### Material provided:
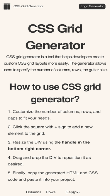 90%CSS Grid Generator - a user-friendly tool designed for web developers to effortlessly create customizable CSS grids for seamless web development.
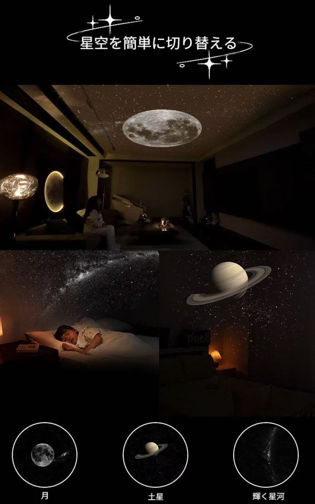 ■ おしゃれな星空演出で癒しの空間を!
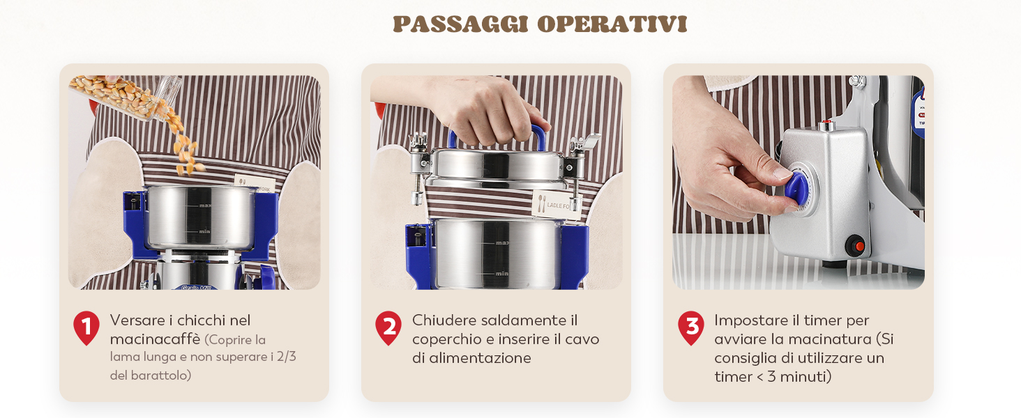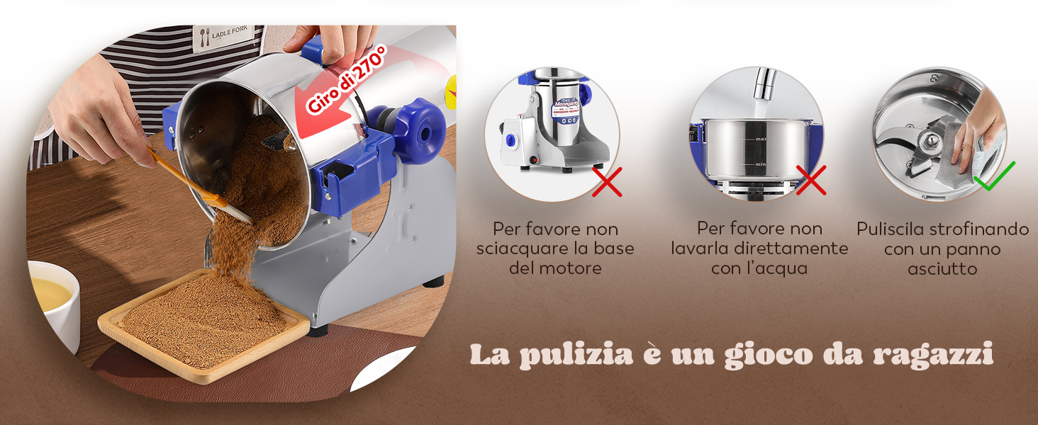 Informazioni su questo articolo 🌾 [UTILIZZO SICURO] Il nostro mulino per cereali di una FIBBIA SICURA su entrambi i lati del coperchio. Quindi, se apri il coperchio durante la molatura, il macinino smetterà di funzionare immediatamente. * Se il mulino per farina non si avvia normalmente, regolare il coperchio in modo che venga spinto all'estremità delle due strutture a fibbia su entrambi i lati senza spazi vuoti. 🌾 [MATERIALE SANO] L'intero corpo del macina spezie è realizzato in acciaio inossidabile di alta qualità e soddisfa i requisiti di sicurezza alimentare. * Il tempo di funzionamento consigliato non più di 3 min. Non utilizzare la macchina continuamente. Dopo ogni 3 minuti di macinatura, dovresti interrompere da 5 a 10 min. Se non sei soddisfatto dell'effetto macinatura, puoi setacciare le particelle grossolane con un setaccio a maglie e macinare di nuovo per ottenere una polvere più fine. 🌾 [MULTIUSO] Questa macchina per polveri super fini è adatta per spruzzare tutti i tipi di materiali secchi, inclusi cereali, spezie ed erbe come riso, soia, chicchi di caffè, mais, grano, sale, pepe, cumino ... * Il materiale da macinare deve essere abbastanza asciutto. Assicurarsi che i materiali da macinare coprano la lama lunga e non più di 2/3 del contenitore, in modo che ci sia spazio per la rotazione della lama durante la molatura. 🌾 [SPECIFICHE] Capacità di macinazione: 800g; Grado di macinazione: 50-300 mesh; Orario di lavoro: 5 minuti; Tempo di intervallo: 5 minuti; Velocità: 36000r/min; Potenza: 2500W. 🌾 [PACKING LIST] Mulino per grano elettrico * 1; Lama di ricambio * 1 set; Spazzola di carbone * 2; Pennello per la pulizia * 1; Setaccio * 1; Manuale dell'utente * 1; Scheda post-vendita * 1. (* Siamo molto spiacenti che ci siano piccoli graffi e vaiolature durante il processo di produzione e lavorazione che non possono essere evitati. Spero che tu possa capire :) [Se hai domande o esigenze, ti preghiamo di contattarci a in qualsiasi momento e ti daremo una risposta rapida e il miglior aiuto.] › Visualizza altri dettagli prodotto Informazioni su questo articolo 🌾 [UTILIZZO SICURO] Il nostro mulino per cereali di una FIBBIA SICURA su entrambi i lati del coperchio. Quindi, se apri il coperchio durante la molatura, il macinino smetterà di funzionare immediatamente. * Se il mulino per farina non si avvia normalmente, regolare il coperchio in modo che venga spinto all'estremità delle due strutture a fibbia su entrambi i lati senza spazi vuoti. 🌾 [MATERIALE SANO] L'intero corpo del macina spezie è realizzato in acciaio inossidabile di alta qualità e soddisfa i requisiti di sicurezza alimentare. * Il tempo di funzionamento consigliato non più di 3 min. Non utilizzare la macchina continuamente. Dopo ogni 3 minuti di macinatura, dovresti interrompere da 5 a 10 min. Se non sei soddisfatto dell'effetto macinatura, puoi setacciare le particelle grossolane con un setaccio a maglie e macinare di nuovo per ottenere una polvere più fine. 🌾 [MULTIUSO] Questa macchina per polveri super fini è adatta per spruzzare tutti i tipi di materiali secchi, inclusi cereali, spezie ed erbe come riso, soia, chicchi di caffè, mais, grano, sale, pepe, cumino ... * Il materiale da macinare deve essere abbastanza asciutto. Assicurarsi che i materiali da macinare coprano la lama lunga e non più di 2/3 del contenitore, in modo che ci sia spazio per la rotazione della lama durante la molatura. 🌾 [SPECIFICHE] Capacità di macinazione: 800g; Grado di macinazione: 50-300 mesh; Orario di lavoro: 5 minuti; Tempo di intervallo: 5 minuti; Velocità: 36000r/min; Potenza: 2500W. 🌾 [PACKING LIST] Mulino per grano elettrico * 1; Lama di ricambio * 1 set; Spazzola di carbone * 2; Pennello per la pulizia * 1; Setaccio * 1; Manuale dell'utente * 1; Scheda post-vendita * 1. (* Siamo molto spiacenti che ci siano piccoli graffi e vaiolature durante il processo di produzione e lavorazione che non possono essere evitati. Spero che tu possa capire :) [Se hai domande o esigenze, ti preghiamo di contattarci a in qualsiasi momento e ti daremo una risposta rapida e il miglior aiuto.] › Visualizza altri dettagli prodotto Product details
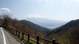 腹ごしらえをして愈々これから河口湖周辺の探訪が始まる。まずは御坂峠まで5kmほどの山道をたんたんと登る。2時前に峠に到着して、高台からの富士山を眺める。太宰治が有名な句(詩?)「富士には月見草がよく似合う」と詠んだ地である。彼はこの峠にある「天下茶屋」に泊まり込んで筆を運んだという。

### What is required:
Leaving out the pictures, restate the listing above exactly.

### Response box:
 90%CSS Grid Generator - a user-friendly tool designed for web developers to effortlessly create customizable CSS grids for seamless web development.
 ■ おしゃれな星空演出で癒しの空間を!
 Informazioni su questo articolo 🌾 [UTILIZZO SICURO] Il nostro mulino per cereali di una FIBBIA SICURA su entrambi i lati del coperchio. Quindi, se apri il coperchio durante la molatura, il macinino smetterà di funzionare immediatamente. * Se il mulino per farina non si avvia normalmente, regolare il coperchio in modo che venga spinto all'estremità delle due strutture a fibbia su entrambi i lati senza spazi vuoti. 🌾 [MATERIALE SANO] L'intero corpo del macina spezie è realizzato in acciaio inossidabile di alta qualità e soddisfa i requisiti di sicurezza alimentare. * Il tempo di funzionamento consigliato non più di 3 min. Non utilizzare la macchina continuamente. Dopo ogni 3 minuti di macinatura, dovresti interrompere da 5 a 10 min. Se non sei soddisfatto dell'effetto macinatura, puoi setacciare le particelle grossolane con un setaccio a maglie e macinare di nuovo per ottenere una polvere più fine. 🌾 [MULTIUSO] Questa macchina per polveri super fini è adatta per spruzzare tutti i tipi di materiali secchi, inclusi cereali, spezie ed erbe come riso, soia, chicchi di caffè, mais, grano, sale, pepe, cumino ... * Il materiale da macinare deve essere abbastanza asciutto. Assicurarsi che i materiali da macinare coprano la lama lunga e non più di 2/3 del contenitore, in modo che ci sia spazio per la rotazione della lama durante la molatura. 🌾 [SPECIFICHE] Capacità di macinazione: 800g; Grado di macinazione: 50-300 mesh; Orario di lavoro: 5 minuti; Tempo di intervallo: 5 minuti; Velocità: 36000r/min; Potenza: 2500W. 🌾 [PACKING LIST] Mulino per grano elettrico * 1; Lama di ricambio * 1 set; Spazzola di carbone * 2; Pennello per la pulizia * 1; Setaccio * 1; Manuale dell'utente * 1; Scheda post-vendita * 1. (* Siamo molto spiacenti che ci siano piccoli graffi e vaiolature durante il processo di produzione e lavorazione che non possono essere evitati. Spero che tu possa capire :) [Se hai domande o esigenze, ti preghiamo di contattarci a in qualsiasi momento e ti daremo una risposta rapida e il miglior aiuto.] › Visualizza altri dettagli prodotto Informazioni su questo articolo 🌾 [UTILIZZO SICURO] Il nostro mulino per cereali di una FIBBIA SICURA su entrambi i lati del coperchio. Quindi, se apri il coperchio durante la molatura, il macinino smetterà di funzionare immediatamente. * Se il mulino per farina non si avvia normalmente, regolare il coperchio in modo che venga spinto all'estremità delle due strutture a fibbia su entrambi i lati senza spazi vuoti. 🌾 [MATERIALE SANO] L'intero corpo del macina spezie è realizzato in acciaio inossidabile di alta qualità e soddisfa i requisiti di sicurezza alimentare. * Il tempo di funzionamento consigliato non più di 3 min. Non utilizzare la macchina continuamente. Dopo ogni 3 minuti di macinatura, dovresti interrompere da 5 a 10 min. Se non sei soddisfatto dell'effetto macinatura, puoi setacciare le particelle grossolane con un setaccio a maglie e macinare di nuovo per ottenere una polvere più fine. 🌾 [MULTIUSO] Questa macchina per polveri super fini è adatta per spruzzare tutti i tipi di materiali secchi, inclusi cereali, spezie ed erbe come riso, soia, chicchi di caffè, mais, grano, sale, pepe, cumino ... * Il materiale da macinare deve essere abbastanza asciutto. Assicurarsi che i materiali da macinare coprano la lama lunga e non più di 2/3 del contenitore, in modo che ci sia spazio per la rotazione della lama durante la molatura. 🌾 [SPECIFICHE] Capacità di macinazione: 800g; Grado di macinazione: 50-300 mesh; Orario di lavoro: 5 minuti; Tempo di intervallo: 5 minuti; Velocità: 36000r/min; Potenza: 2500W. 🌾 [PACKING LIST] Mulino per grano elettrico * 1; Lama di ricambio * 1 set; Spazzola di carbone * 2; Pennello per la pulizia * 1; Setaccio * 1; Manuale dell'utente * 1; Scheda post-vendita * 1. (* Siamo molto spiacenti che ci siano piccoli graffi e vaiolature durante il processo di produzione e lavorazione che non possono essere evitati. Spero che tu possa capire :) [Se hai domande o esigenze, ti preghiamo di contattarci a in qualsiasi momento e ti daremo una risposta rapida e il miglior aiuto.] › Visualizza altri dettagli prodotto Product details
 腹ごしらえをして愈々これから河口湖周辺の探訪が始まる。まずは御坂峠まで5kmほどの山道をたんたんと登る。2時前に峠に到着して、高台からの富士山を眺める。太宰治が有名な句(詩?)「富士には月見草がよく似合う」と詠んだ地である。彼はこの峠にある「天下茶屋」に泊まり込んで筆を運んだという。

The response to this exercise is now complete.